How to complete this task:
An exact restatement of the data is required, with the images omitted.

BEGIN Collected data

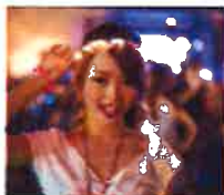
桜ソングを聴きながら踊れる 光るフラワーティアラ
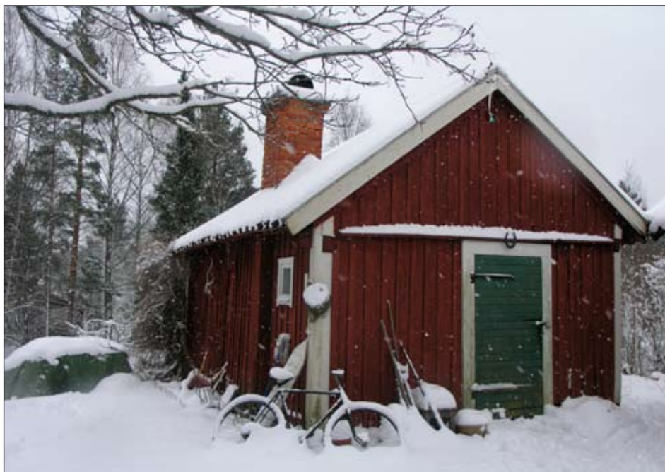
Stuga 2 från norr.
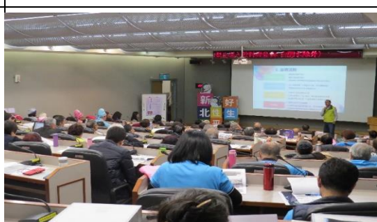
108.12.26 新北市 108 年度性別友善社區分享會瑞芳區龍川社區經驗分享
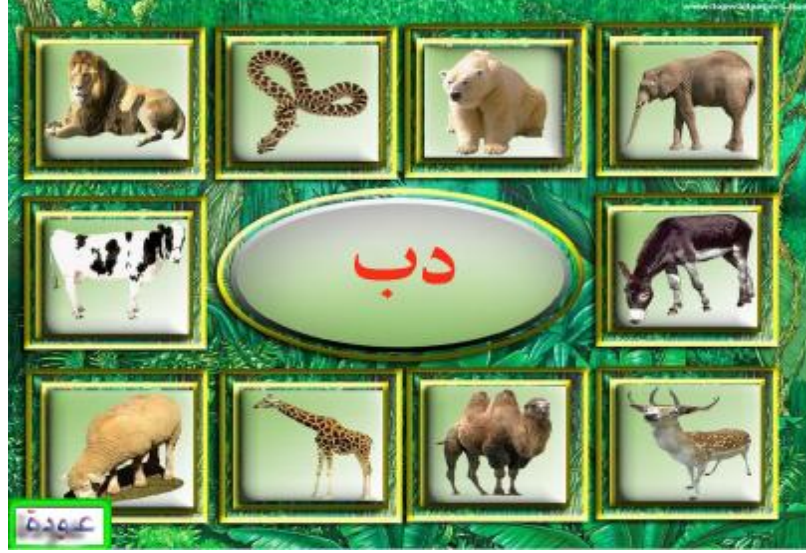
الشاشة (4) واجهة برنامج تعليم العلوم

END Collected data

Response box:
桜ソングを聴きながら踊れる 光るフラワーティアラ
Stuga 2 från norr.
108.12.26 新北市 108 年度性別友善社區分享會瑞芳區龍川社區經驗分享
الشاشة (4) واجهة برنامج تعليم العلوم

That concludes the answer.